- **WHAT THIS TASK INVOLVES**
With pictures omitted, transcribe exactly the lines from the one containing "Baptizing native converts" to the end of the records below.

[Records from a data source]
= = =

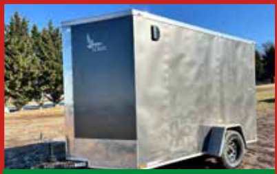
New/Unused Lark S/A
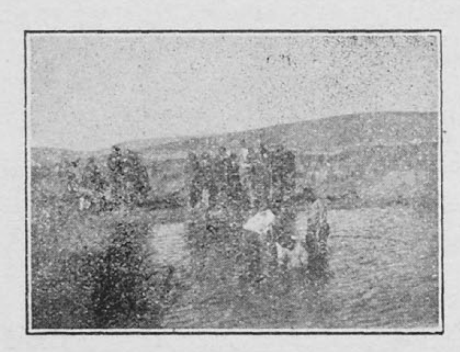
Baptizing native converts
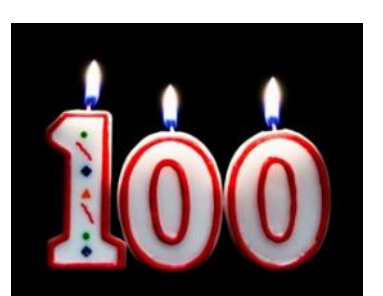
May 23, 2021

A few club members participated in a parade to celebrate the 100th birthday of Clyde Hudson at Carriage Crossing in Champaign.
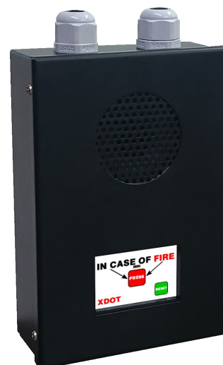
ZONE CONTROL UNIT (Addressable)

= = =

- **SOLVED EXERCISE**
Baptizing native converts
May 23, 2021

A few club members participated in a parade to celebrate the 100th birthday of Clyde Hudson at Carriage Crossing in Champaign.
ZONE CONTROL UNIT (Addressable)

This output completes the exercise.